Portugal returns to long-term bond market: media
Portugal returned to the long-term debt market on Tuesday with the issue of its first 10-year bonds since obtaining bailout funding two years ago, in an important step to gauge market confidence in its efforts to correct public finances.
Several Portuguese media outlets said the three billion euro ($3.9 billion) 10-year issue was issued with an interest rate of about 5.6 percent.
Portugal was shut out of medium- and long-term debt markets at the time it was forced to negotiate the 78-billion bailout loan in May 2011.
The issue comes just as the “troika” of international lenders — the European Central Bank, the European Union, and the International Monetary Fund — arrive to analyse the Portugal’s latest programme of measures to meet the conditions of the funding.
The sweeping package, announced by the centre-right government last week, involves the slashing of 30,000 public sector jobs and the full retirement age for public servants having been pushed back to 66 years instead of the previous 65.
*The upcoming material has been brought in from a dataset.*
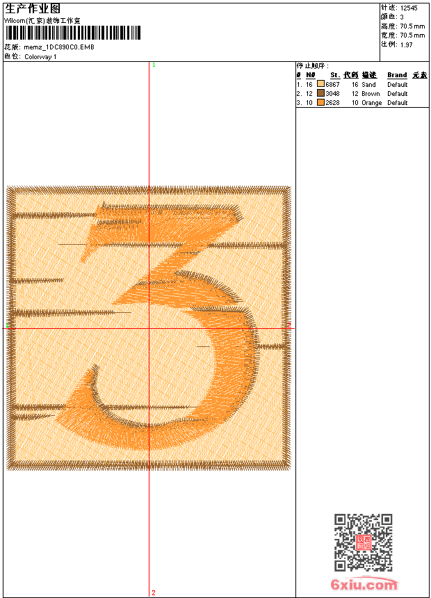 - emb花版参数: 大小:389.00 KB / 尺寸:71*70[毫米] / 针数:12547针 / 线色:3 / 格式:emb / 版本:9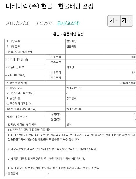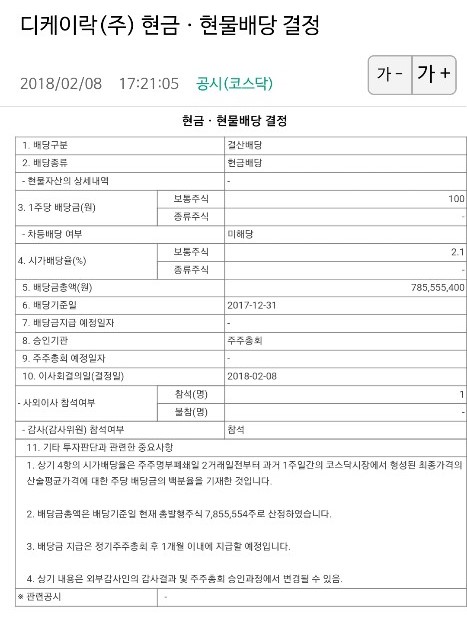 이번에는 디케이락 주가, 배당금, 배당일 및 정보에 대해 알아봤습니다.

Local media said six banks, CaixaBI, Citigroup, Credit Agricole, Goldman Sachs, HSBC and Societe Generale, were appointed to manage the bond issue which matures on February 15 in 2024.
The sale will allow Portugal to test market confidence without running too great of a risk.
If it is successful in the sale, it would represent an important step for the country’s return to the financial markets and could help prevent it from having to seek a second bailout loan once the current one has expired.
Portugal made an early return to the medium-term debt market in January, with a successful five-year bond issue in which it raised 2.5 billion euros. It last issued 10-year bonds in April in 2011.